** What the task asks **
Everything in the records must be copied exactly, apart from the pictures.

** Data **
***

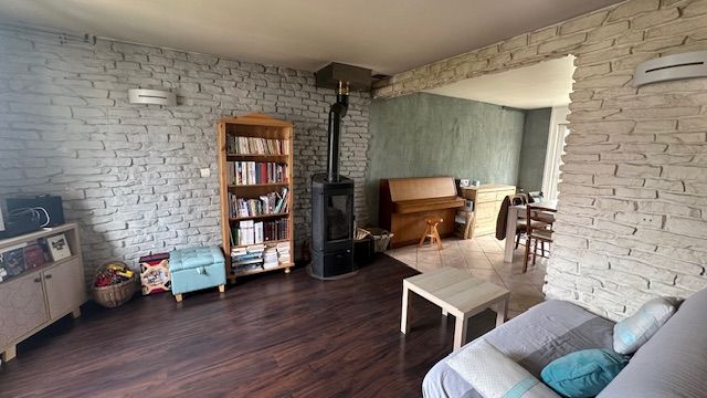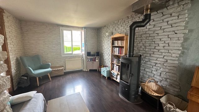 au rez de chaussée : une grande cuisine équipée ouverte sur un beau séjour,/salon avec poêle bois, une chambre et des toilettes .
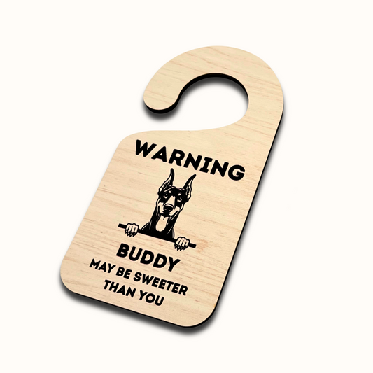 Warning – May Be Sweeter Than You – Personalized Dog Face Door Hanger
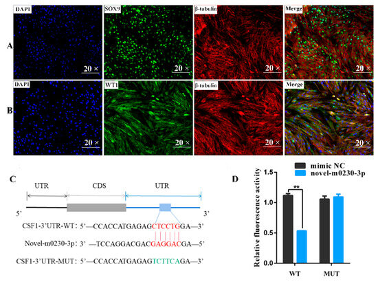 Targeting relationship between target gene CSF1 and novel-m0230-3p. (A) IF staining identified isolated yak SCs using antibodies against SOX9 (green) and β-tubulin (red); magnification, 20×. (B) Immunofluorescence staining identified isolated yak SCs using antibodies against WT1 (green) and β-tubulin (red); magnification, 20×. (C) Binding site of CSF1 and novel-m0230-3p. (D) Luciferase activity in SCs after co-transfection with mimics of novel-m0230-3p (100 nM) or mimic NC (100 nM) and pmirGLO-CSF1 3′-UTR-WT (400 ng) or pmirGLO-CSF1 3′-UTR-MUT (400 ng). Values represent mean ± SD; n = 3, ** p < 0.01.
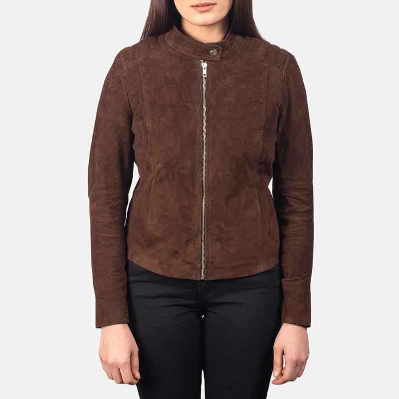 แจ็คเก็ตนักขี่จักรยานหนังแท้ผู้หญิงใหม่ฤดูใบไม้ร่วงแขนยาวลำลองเข้ารูปมีซิปผ้าซาตินสีทึบใส่กลับด้านได้กันลม
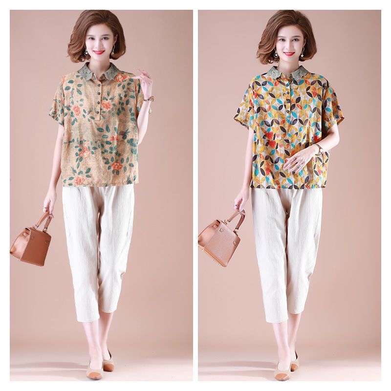 中老年人套装女棉麻2022新款五六十岁中年妈妈夏装短袖两件套洋气
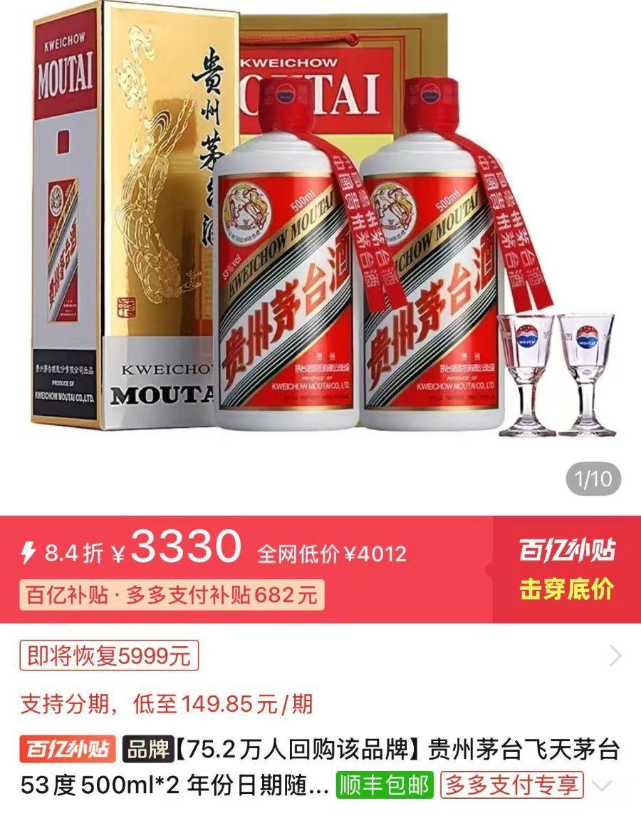 值得一提的是,本次贵州茅台发布的线上销售渠道,未见有拼多多字样。投资快报记者注意到,10月15日凌晨,拼多多上一些店铺飞天茅台的售价低见168元/瓶;双瓶装售价3330元,折合每瓶仅1665元。但在其他平台,飞天茅台每瓶的售价普遍多数仍在1900元之上,其中苏宁超市自营优惠价1856.1元/瓶,京东“自营”PLUS会员价1920.6元/瓶,天猫超市售价1980元/瓶。
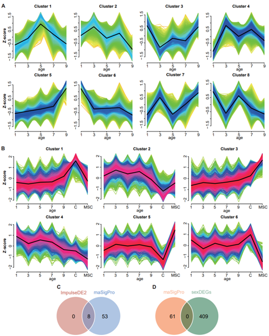 (A)跨越年龄的所有基因聚类。(B) 细胞间充质干细胞处理后的所有基因聚类。(C) 两种年龄相关基因鉴定方法的维恩图。(D) 年龄相关基因和性别基因的维恩图。
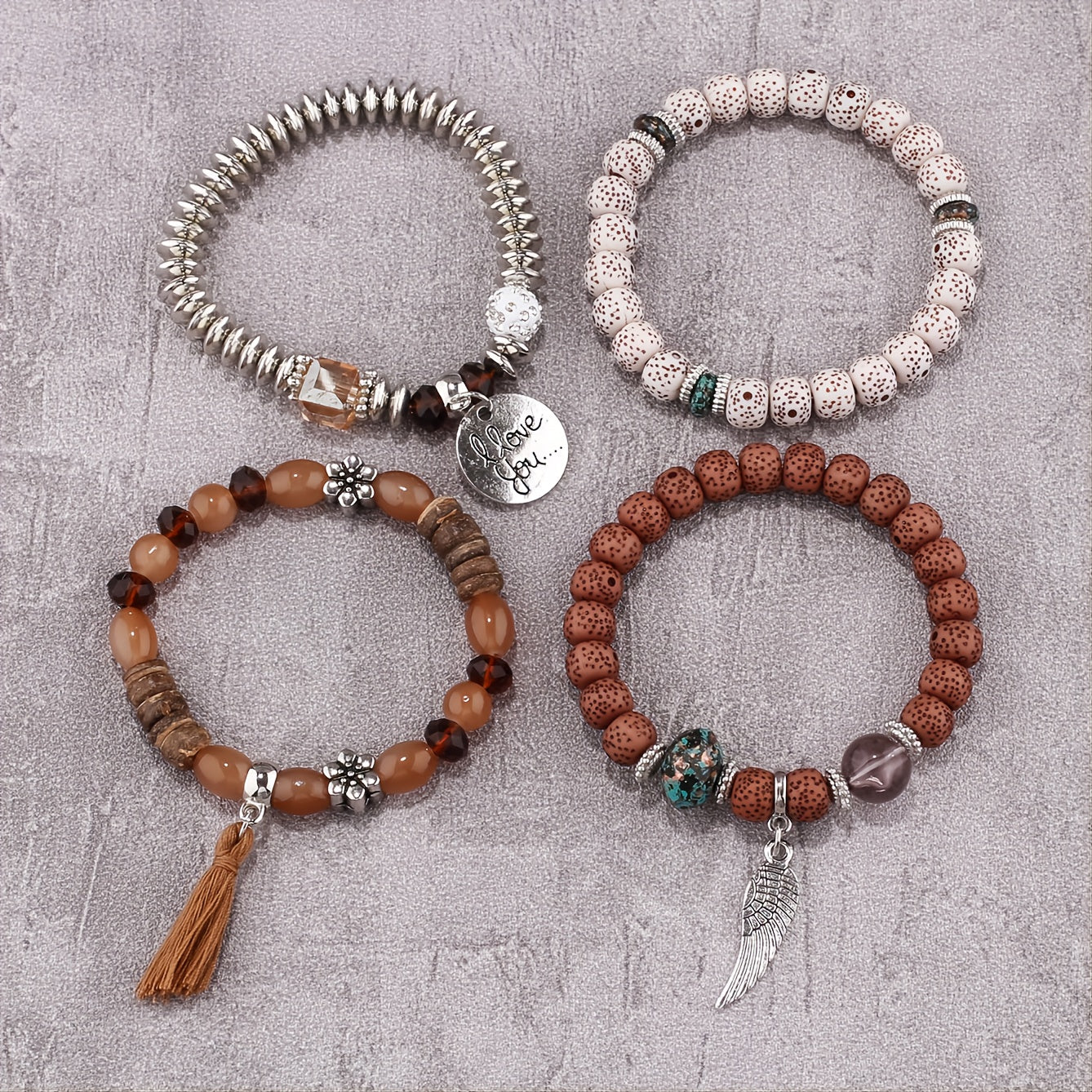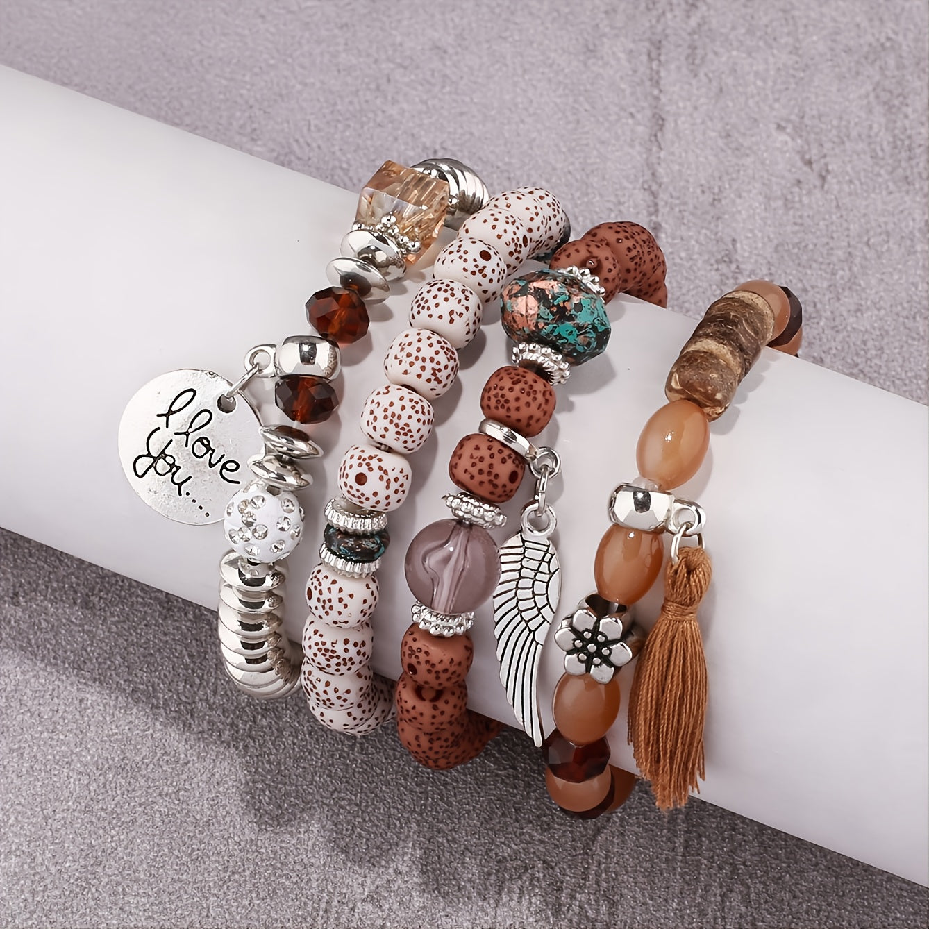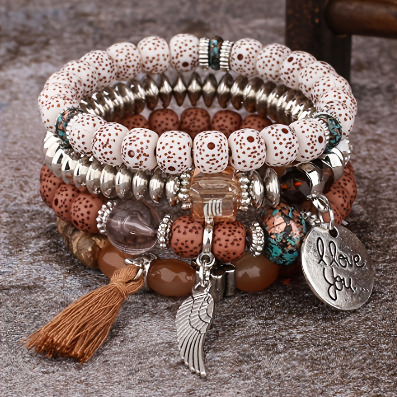 Enhance your party look with this bohemian-style bracelet featuring creative crystal details, multiple layers, turquoise accents, tassel charm, and wing elements.

***

** Reply **
 au rez de chaussée : une grande cuisine équipée ouverte sur un beau séjour,/salon avec poêle bois, une chambre et des toilettes .
 Warning – May Be Sweeter Than You – Personalized Dog Face Door Hanger
 Targeting relationship between target gene CSF1 and novel-m0230-3p. (A) IF staining identified isolated yak SCs using antibodies against SOX9 (green) and β-tubulin (red); magnification, 20×. (B) Immunofluorescence staining identified isolated yak SCs using antibodies against WT1 (green) and β-tubulin (red); magnification, 20×. (C) Binding site of CSF1 and novel-m0230-3p. (D) Luciferase activity in SCs after co-transfection with mimics of novel-m0230-3p (100 nM) or mimic NC (100 nM) and pmirGLO-CSF1 3′-UTR-WT (400 ng) or pmirGLO-CSF1 3′-UTR-MUT (400 ng). Values represent mean ± SD; n = 3, ** p < 0.01.
 แจ็คเก็ตนักขี่จักรยานหนังแท้ผู้หญิงใหม่ฤดูใบไม้ร่วงแขนยาวลำลองเข้ารูปมีซิปผ้าซาตินสีทึบใส่กลับด้านได้กันลม
 中老年人套装女棉麻2022新款五六十岁中年妈妈夏装短袖两件套洋气
 值得一提的是,本次贵州茅台发布的线上销售渠道,未见有拼多多字样。投资快报记者注意到,10月15日凌晨,拼多多上一些店铺飞天茅台的售价低见168元/瓶;双瓶装售价3330元,折合每瓶仅1665元。但在其他平台,飞天茅台每瓶的售价普遍多数仍在1900元之上,其中苏宁超市自营优惠价1856.1元/瓶,京东“自营”PLUS会员价1920.6元/瓶,天猫超市售价1980元/瓶。
 (A)跨越年龄的所有基因聚类。(B) 细胞间充质干细胞处理后的所有基因聚类。(C) 两种年龄相关基因鉴定方法的维恩图。(D) 年龄相关基因和性别基因的维恩图。
 Enhance your party look with this bohemian-style bracelet featuring creative crystal details, multiple layers, turquoise accents, tassel charm, and wing elements.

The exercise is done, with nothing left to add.